**ABOUT THIS TASK**
Begin with the line below holding "Camino a etanolo" and go on through the line holding "4 színű nyomógombos", duplicating each line exactly and leaving out pictures.

**DATA SUPPLIED**

=======

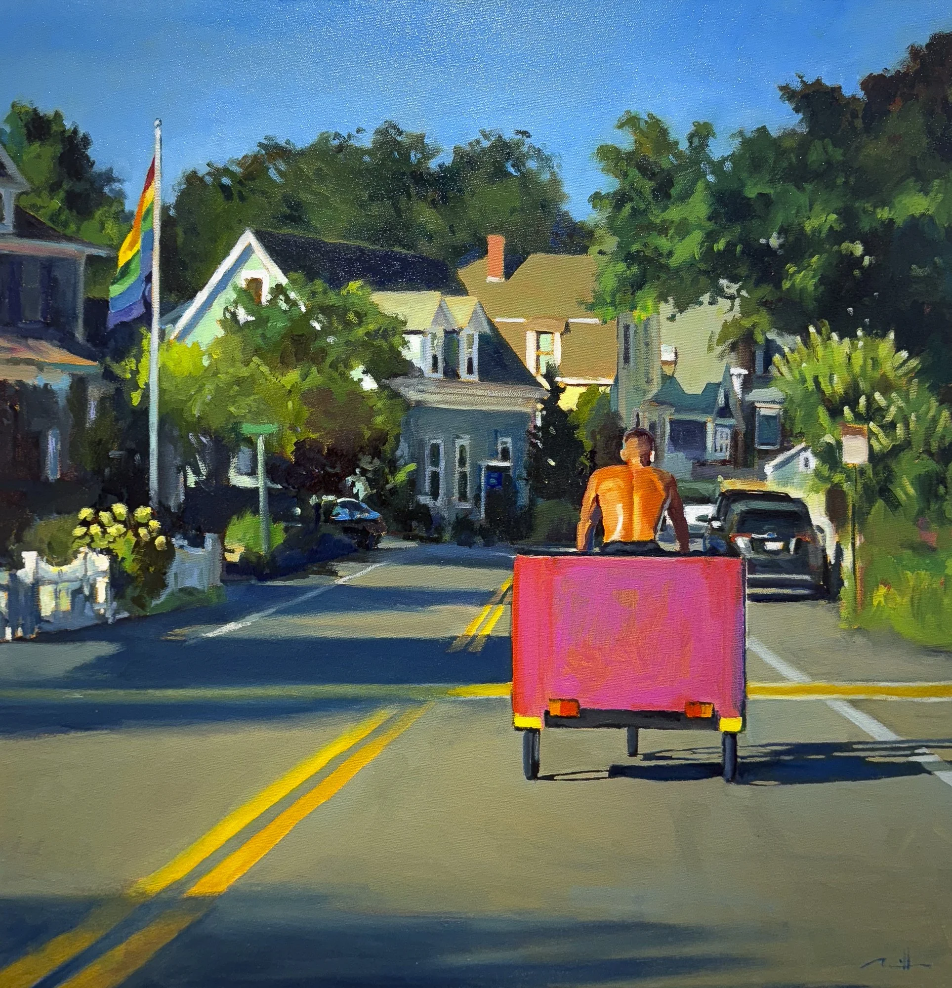 His work transcends traditional genres, focusing not on portraits or landscapes but on the essence of a scene, where shadows and a masterful sense of color bring everyday moments to life. Sun Days highlights his fascination with Provincetown’s pedicab community—a vibrant yet often overlooked subculture, primarily composed of J1 visa students from Bulgaria, who form a vital thread in the town’s cultural fabric. Lyons transforms the ordinary, including the utilitarian pedicab, into something extraordinary, inviting viewers to notice beauty in the overlooked.
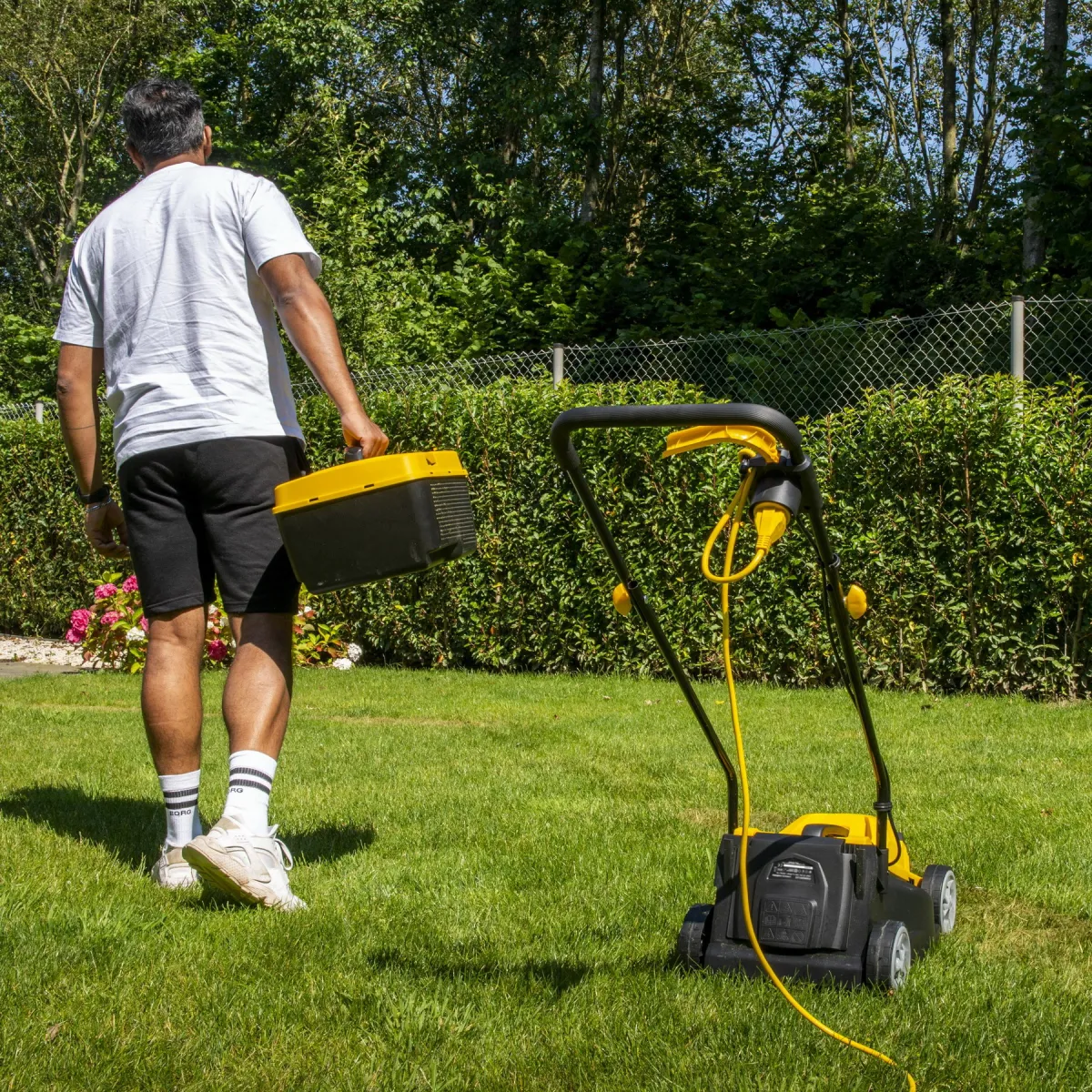 - Se svou šířkou záběru 320 mm si tato elektrická sekačka poradí s každým trávníkem o rozloze až 250 m².
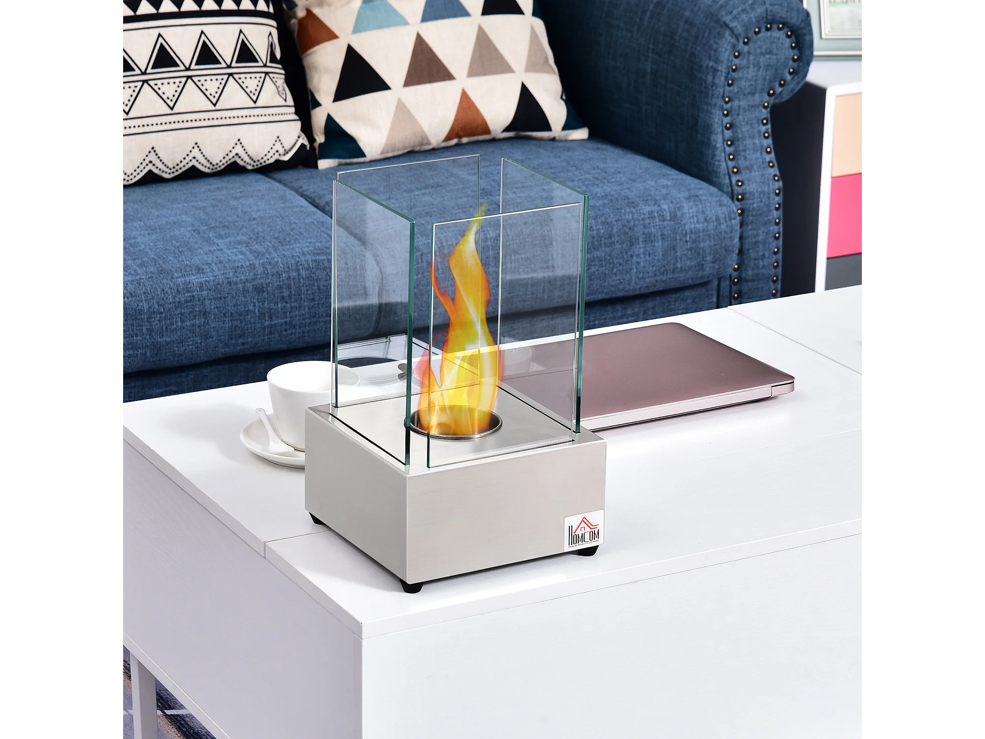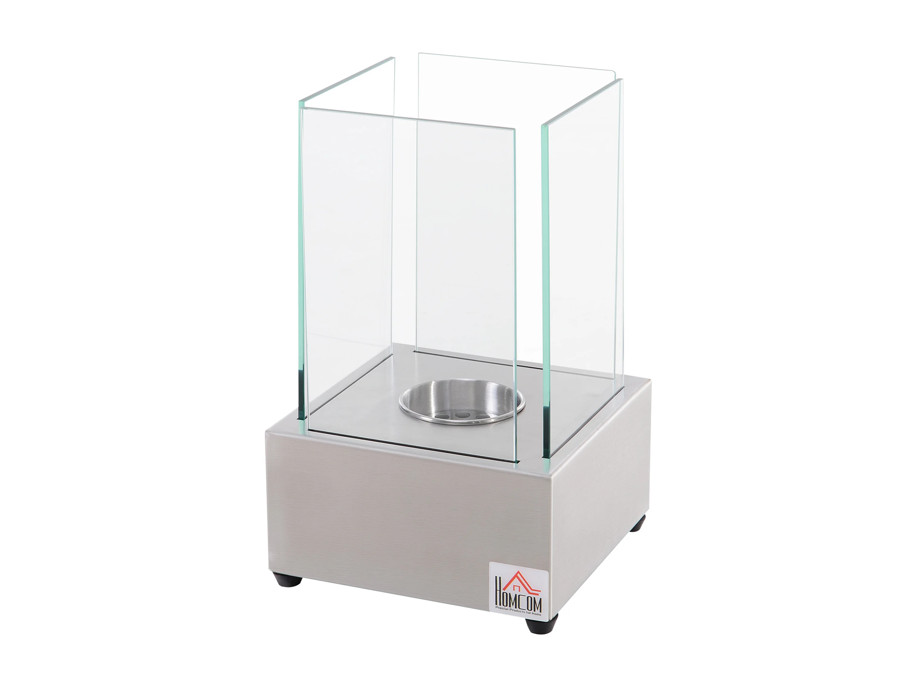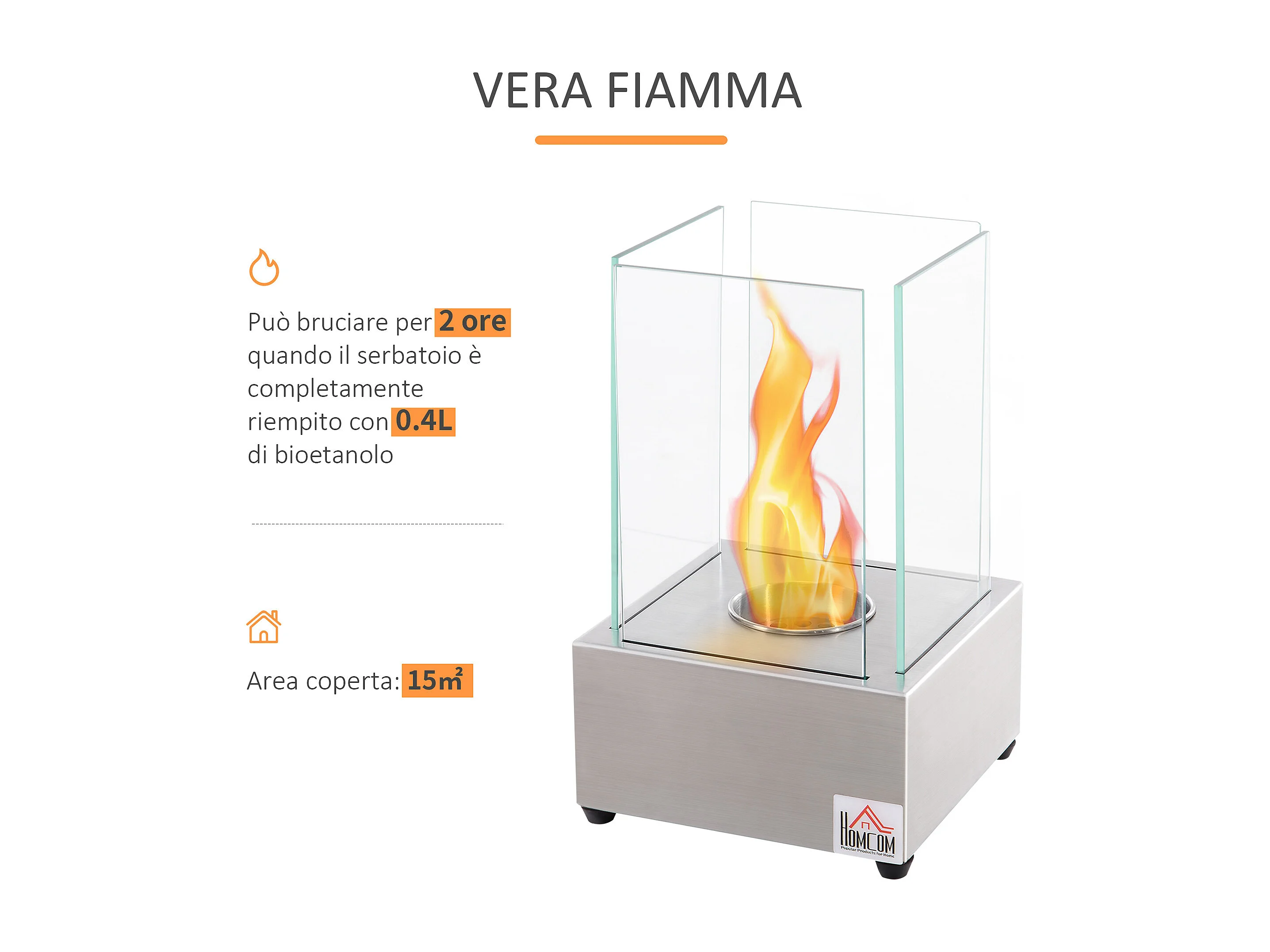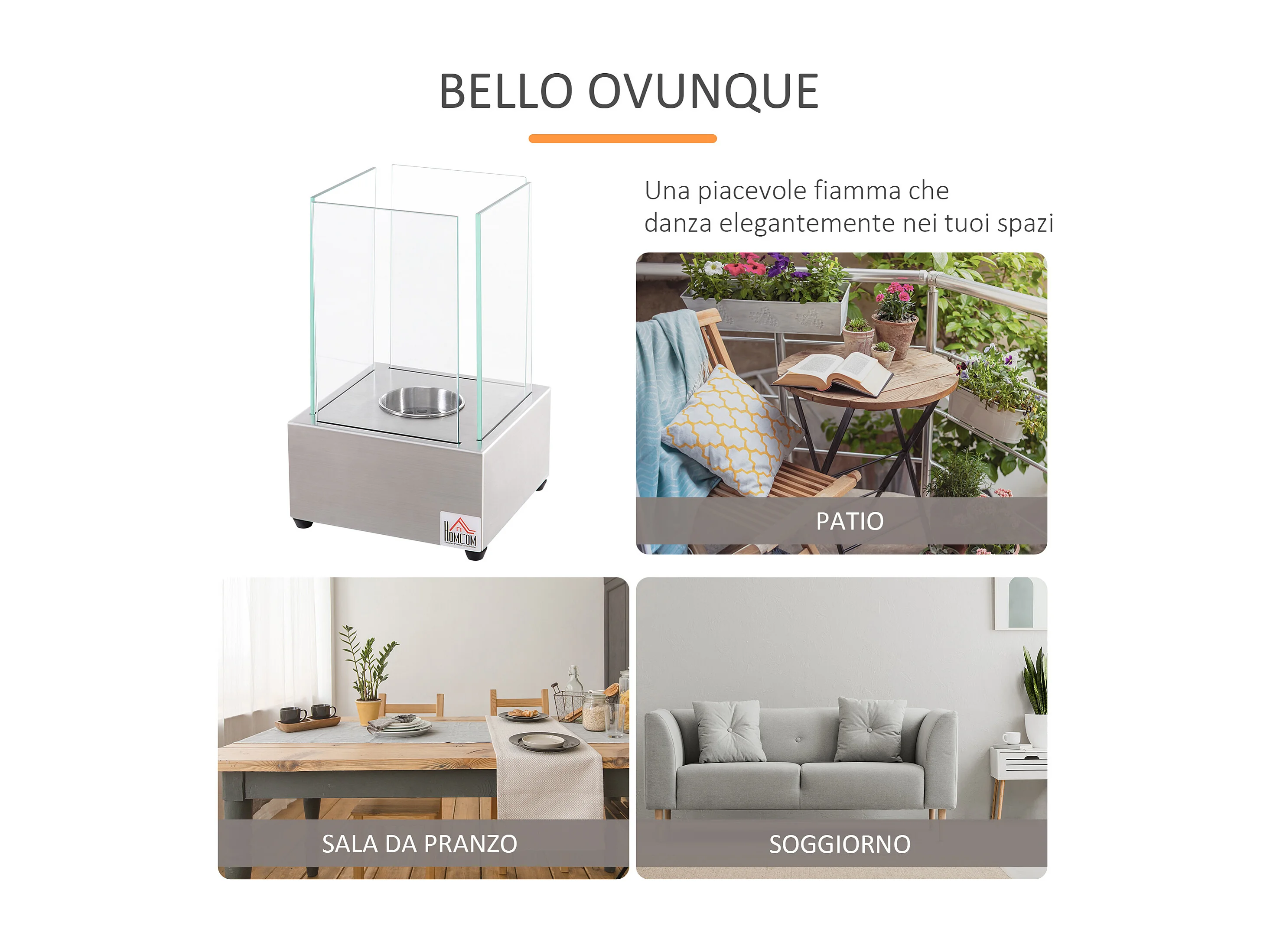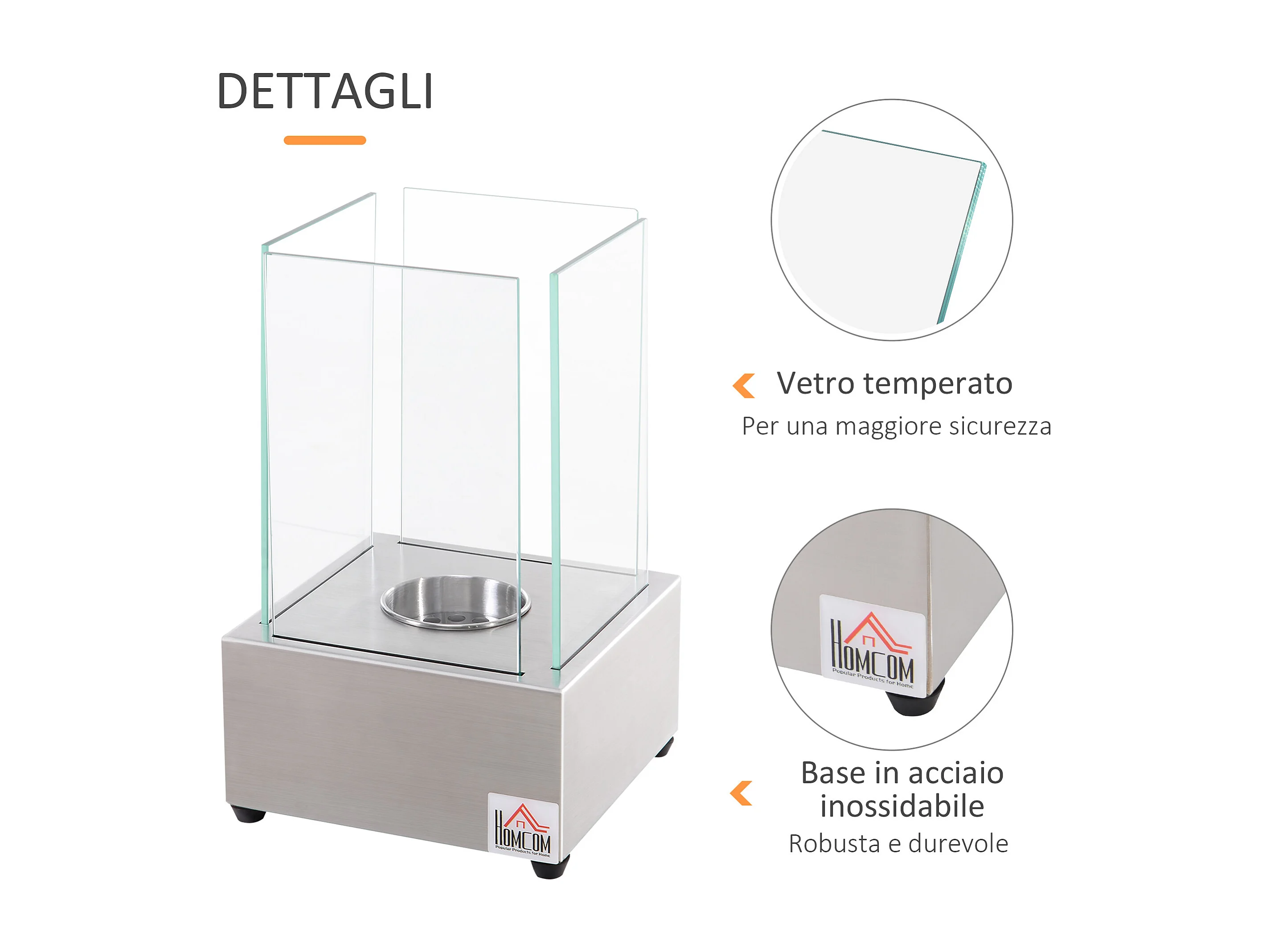 Camino a etanolo da tavolo in acciaio inox e vetro temperato
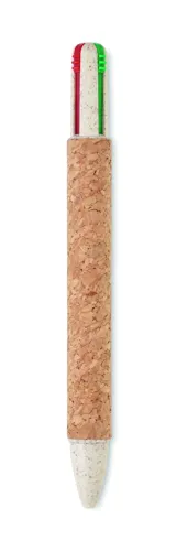 4 színű nyomógombos golyóstoll parafa tolltesttel és búzaszalma (50%) és ABS műanyag (50%) szerelvényekkel. Színek: piros, zöld, kék és fekete.
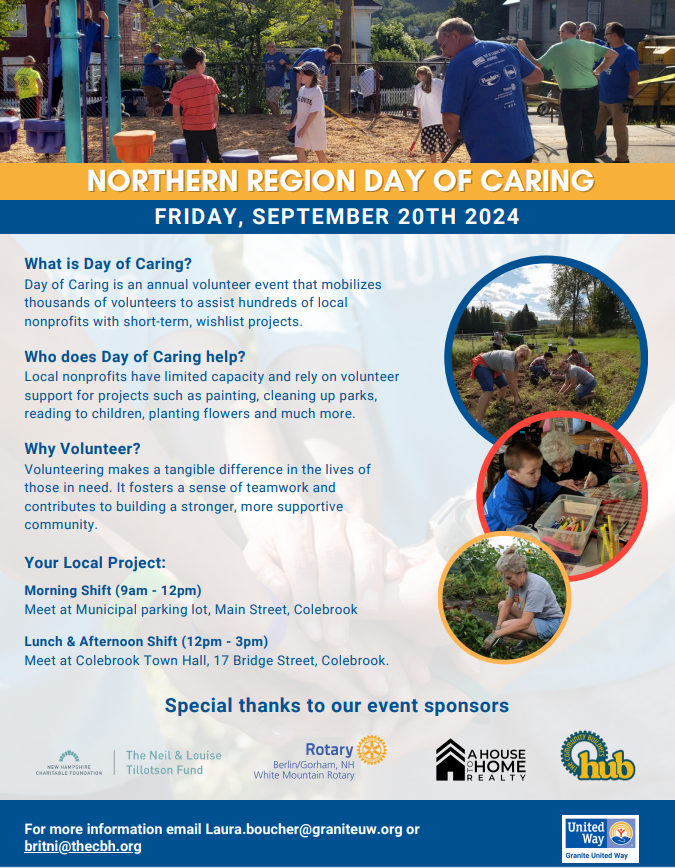 On September 20th, Granite United Way’s Northern Region Day of Caring will take place in Colebrook, coordinated in partnership with The Community Builders Hub, with additional support from The Neil & Louise Tillotson Fund, White Mountain Rotary and A House to Home Realty. Day of Caring is an annual volunteer event that mobilizes thousands of… Continue Reading Day of Caring in Colebrook
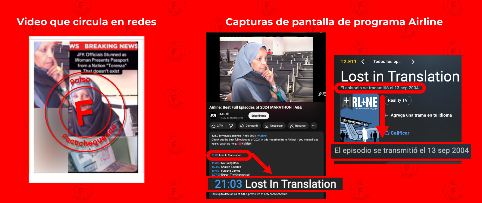 Investigamos en los episodios de la serie Airlines publicados en la cuenta de YouTube de A&E y encontramos uno con las mismas las imágenes de los videos virales, en el que se explicaba que se trataba de una mujer que no hablaba inglés siendo asistida por una empleada del aeropuerto. La descripción del video dice que se trata del capítulo “Lost in Translation” (Perdido en la Traducción) de la serie “Airline!”.
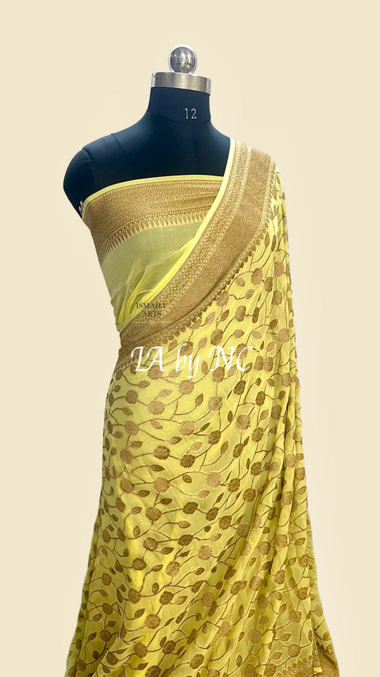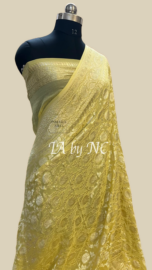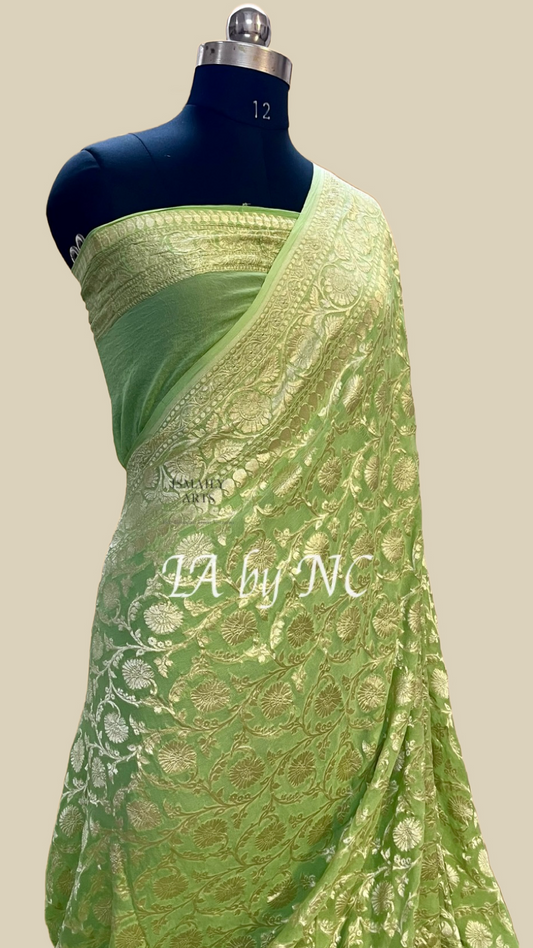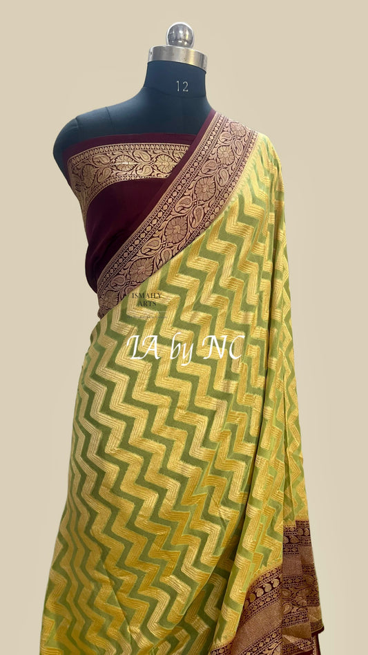 Lime Peel Banarasi Pure Khaddi Georgette Saree

=======

**RESULT**
 Camino a etanolo da tavolo in acciaio inox e vetro temperato
 4 színű nyomógombos golyóstoll parafa tolltesttel és búzaszalma (50%) és ABS műanyag (50%) szerelvényekkel. Színek: piros, zöld, kék és fekete.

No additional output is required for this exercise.